Assessing the Impact of Diet on Inflammation in Healthy and Obese Adults in a Cross-Sectional Phenotyping Study and a Longitudinal Intervention Trial
Immunity and Disease Prevention Research Unit
Project Number: 2032-53000-001-00
Start Date: Jan 18, 2014
End Date: Jan 17, 2019
Objective 1: Determine how diet quality (assessed using the Healthy Eating Index), nutritional status (assessed using biomarkers in a cross-sectional study) and adherence to a diet following Dietary Guidelines recommendations for intake of fat and fat-soluble vitamins affect immune function and inflammation.
1A: In the cross-sectional WHNRC Phenotyping Study (CSPS) determine if diet quality and intestinal dysbiosis are independently associated with systemic immune activation.
1B: In the WHNRC DGA Intervention Trial (IT) of adults with indicators of metabolic syndrome, determine if following the DGA diet improves markers of systemic and intestinal inflammation relative to a Typical American (TA) diet.
Objective 2: Determine the degree of modulation and the mechanism of activation or inhibition of blood monocytes by different types of dietary fatty acids (including saturated fatty acids and docosahexaenoic acid [DHA]) and by fruit-derived dietary polyphenols or their metabolites.
2A: Determine (1) whether the high fat/sugar challenge meal administered during the CSPS induces postprandial monocyte activation; (2) whether this activation is mediated by saturated fatty acids; (3) whether and how the challenge meal-induced monocyte activation is suppressed by docosahexaenoic acid; and (4) in the DGA IT whether the diets affect challenge meal-induced monocyte activation.
2B: In subjects from the CSPS determine whether addition of DHA to the high fat/sugar challenge meal inhibits monocyte activation.
2C: In cell culture studies determine whether bioactive phytochemicals known to inhibit signaling pathways in monocytes, or their metabolites, also suppress SFA-induced monocyte activation.
Objective 3: Removed per the PDRAM.
Objective 4: Determine how diets enriched with polyphenol-rich fruits such as strawberries and grapes affect monocyte/macrophage function in obesity, determine possible chemical components of the fruits responsible for changes in function, and determine the mechanisms involved in changes in function.
4A: Determine if dietary strawberries and grapes affect monocyte/macrophage function, bacterial burden, morbidity and mortality in diet-induced obese mice infected with gram-negative bacteria.
4B: Determine if the polyphenols of strawberries and grapes are responsible for modulating monocytes in diet-induced obese mice infected with gram-negative bacteria.
4C: Determine mechanisms by which components of strawberries and grapes may modulate the function of monocytes isolated from diet-induced obese mice.
Objective 1 will utilize samples exclusively from the two human studies, the Western Human Nutrition Research Center (WHNRC) Cross-Sectional Phenotyping Study and the WHNRC Dietary Guidelines for Americans (DGA) Intervention Trial. Thus the designs of these studies are described under Objective 1 and the sample size calculations given relate to the goals of Objective 1.

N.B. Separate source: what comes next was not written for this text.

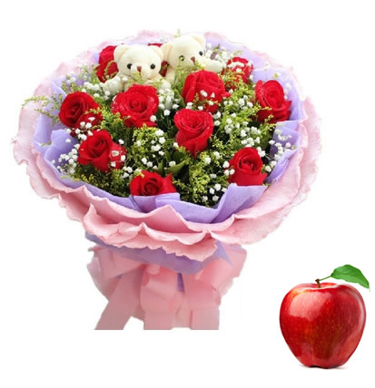 商品簡介:11紅玫瑰+2只卡通小熊+1個平安果,黃鶯滿天星點綴,精美圓形包裝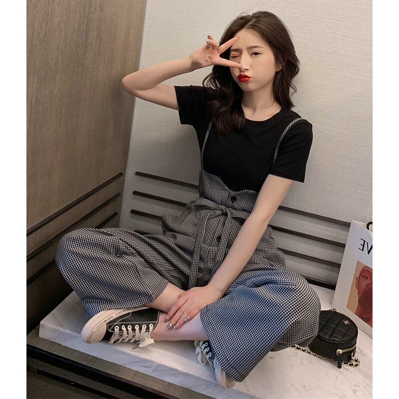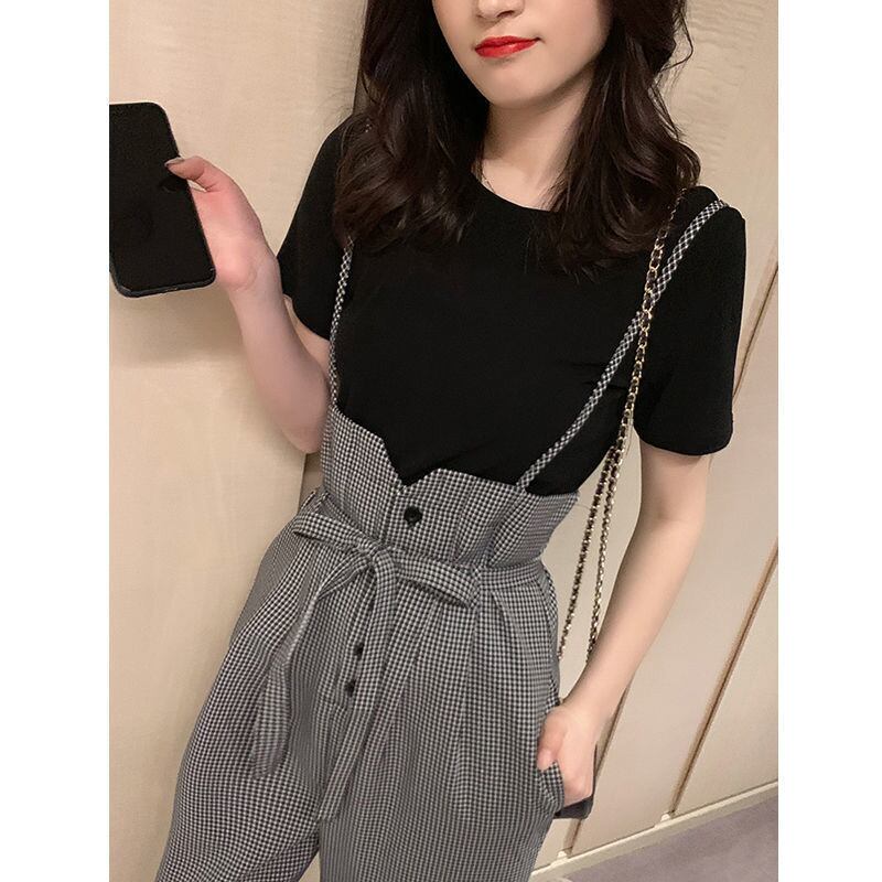 【セットアップ】 セットアップ レディース おしゃれ ママ サロペット カットソー トップス 春 夏 秋 20代 30代 40代 食事会 きれいめ セットアップ 千鳥格子 ブラック 黒 S M L XL

1A: Such activation takes several forms and we will differentiate among pathways defined by the activity of pro-inflammatory T-helper (Th) cells (Th1, Th2 and Th17) and T-regulatory (Treg) cells. We hypothesize that those with low diet quality (including high solid fat and added sugar [SOFA] and low n-3 polyunsaturated fatty acids [PUFA]), or low intake (or status) of key nutrients (including vitamin D) will have greater immune activation after adjustment for appropriate covariates (e.g., age, BMI and sex). In addition, we hypothesize that dysbiosis of the gut microbiota (e.g., high levels of Proteobacteria) will be associated with gut inflammation that, in turn, will be associated with systemic immune activation. Microbiota will be assessed in stool using 16S rRNA gene sequence and inflammation by stool calprotectin and neopterin levels.
1B: DGA diet is optimized to minimize inflammation by decreasing SOFA, and increasing vitamin D, n-3 PUFA, fruit and vegetable intake.

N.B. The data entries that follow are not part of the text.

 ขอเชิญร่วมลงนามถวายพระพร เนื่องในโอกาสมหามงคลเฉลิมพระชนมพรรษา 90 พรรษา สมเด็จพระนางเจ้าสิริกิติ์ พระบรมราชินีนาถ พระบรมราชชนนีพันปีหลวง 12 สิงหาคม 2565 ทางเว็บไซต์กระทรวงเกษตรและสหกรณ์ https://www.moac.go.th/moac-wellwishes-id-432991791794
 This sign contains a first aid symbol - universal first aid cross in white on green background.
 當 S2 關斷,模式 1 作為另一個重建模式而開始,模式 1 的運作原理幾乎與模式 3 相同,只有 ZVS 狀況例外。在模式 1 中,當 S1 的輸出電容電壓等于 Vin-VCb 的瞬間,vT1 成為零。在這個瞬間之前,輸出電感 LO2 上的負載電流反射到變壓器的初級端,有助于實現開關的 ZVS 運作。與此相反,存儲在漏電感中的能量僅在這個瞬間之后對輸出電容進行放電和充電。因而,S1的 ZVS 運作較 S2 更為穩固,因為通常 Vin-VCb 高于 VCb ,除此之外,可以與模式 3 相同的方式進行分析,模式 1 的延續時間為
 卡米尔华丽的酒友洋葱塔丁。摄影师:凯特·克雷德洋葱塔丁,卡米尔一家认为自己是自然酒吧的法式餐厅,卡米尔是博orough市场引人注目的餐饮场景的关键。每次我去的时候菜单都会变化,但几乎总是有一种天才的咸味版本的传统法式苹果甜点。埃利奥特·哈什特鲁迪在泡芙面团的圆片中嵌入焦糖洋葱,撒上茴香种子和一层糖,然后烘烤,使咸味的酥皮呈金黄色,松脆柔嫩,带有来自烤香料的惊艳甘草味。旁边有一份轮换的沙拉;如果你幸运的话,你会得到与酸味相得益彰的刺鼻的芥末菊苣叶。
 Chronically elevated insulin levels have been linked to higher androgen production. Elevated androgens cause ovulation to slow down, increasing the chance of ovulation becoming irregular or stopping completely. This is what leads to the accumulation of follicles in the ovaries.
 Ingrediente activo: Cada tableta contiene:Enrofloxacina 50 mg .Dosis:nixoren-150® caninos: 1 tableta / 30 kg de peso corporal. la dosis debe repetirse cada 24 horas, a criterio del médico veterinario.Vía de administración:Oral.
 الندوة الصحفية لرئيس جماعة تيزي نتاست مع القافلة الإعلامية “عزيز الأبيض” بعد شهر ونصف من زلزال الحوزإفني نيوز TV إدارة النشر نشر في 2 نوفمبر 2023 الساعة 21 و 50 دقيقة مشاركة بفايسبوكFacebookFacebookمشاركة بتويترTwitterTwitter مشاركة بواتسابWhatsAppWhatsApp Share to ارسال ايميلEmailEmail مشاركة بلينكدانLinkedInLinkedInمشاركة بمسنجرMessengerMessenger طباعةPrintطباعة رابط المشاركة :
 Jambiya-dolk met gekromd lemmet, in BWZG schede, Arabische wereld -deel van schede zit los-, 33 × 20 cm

Objectives 2 will also utilize samples from both of these studies. In addition, Objectives will utilize cell culture methods to examine effects of dietary components on regulating cellular functions, including the effects of DHA (Objective 2B) and phytochemicals (Objectives 2C) on monocyte activation.
Objective 4 will utilize a mouse model to examine the effect of diets rich in strawberry and grape preparations (freeze-dried whole fruit or fruit extracts) on monocyte/macrophage function in mice fed standard and high-fat diets and infected with gram-negative bacteria. Cell culture studies will also be used to examine the effect of fruit-derived phytochemicals on monocyte/macrophage function.